Let’s set up one more rule to ensure that the alert can be handled quickly. I’m going to add another rule that checks where exactly the alert is coming from, and updates the status of the alert if it’s coming from a specific location. In order to do that, I’ve configured the filter to check for a monitoring_tool that matches pingdom. If that checks out, then I’m going to annotate the alert with the url for pingdom’s performance monitoring tool. I’ll then transform the alert’s status to urgent, and add a note that the alert requires immediate attention.
Now we have a well-defined set of rules that filters through all of my alerts and informs me if one of them is a performance-related alert coming from a Github pages URL. It’s pretty incredible how specific we can get with only two rules!
After having a chance to preview the Transmogrifier and set up a few alerts of my own, I’m very impressed with how VictorOps has once again improved the on-call process. Alert fatigue is the most dreaded part of being on-call, and having the ability to sort through and clarify alerts makes the process run much more efficiently.

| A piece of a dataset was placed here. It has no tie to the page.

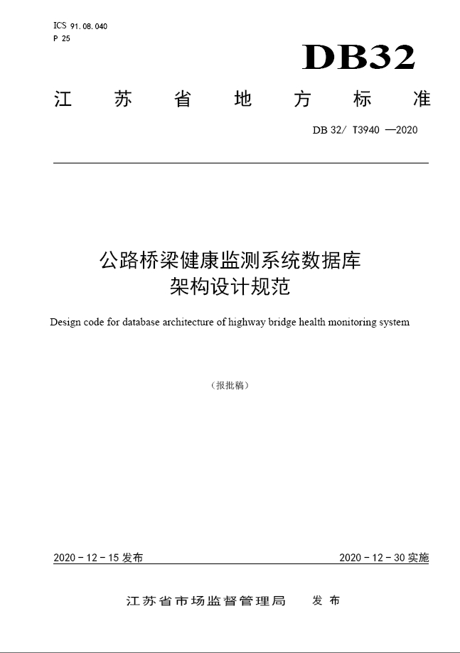 江苏省地方标准《公路桥梁健康监测系统数据库架构设计规范》DB32/T 3940-2020由388vip太阳集团官网集团牵头编制,明确规定公路桥梁健康监测系统数据库架构设计的通用要求、数据表、数据交换等,提供相关建议性设计的要求及示例,为健康监测系统数据库设计质量提供支撑。

Instead of having to filter through irrelevant and unimportant error messages, your alerts can come with helpful documentation and data visualizations, and some alerts can even solve or downgrade themselves!
My favorite part of the Transmogrifier is its ability to attach documentation to alerts on the fly. Imagine the next alert you receive including a specific and detailed path to solving the problem at hand. With the Transmogrifier, this feature is only a few clicks away.
While the Transmogrifier is a great solution to alert fatigue and other on-call difficulties, it’s also incredibly easy to use. The Transmogrifier dashboard is simple yet powerful, combining a minimalistic drag-and-drop interface with a feature-rich set of user controls.
No website or application will have 100% uptime. But with the Transmogrifier it’s a lot easier to prevent downtime while solving the issues that lead to it. If your engineers are tired of being on-call, suffering from alert fatigue, or just unhappy with their current monitoring solutions, then VictorOps’ solution with the transmogrifier feature might just be the perfect tool for you.
How do you manage alerts and avoid alert fatigue? Have you given VictorOps a go?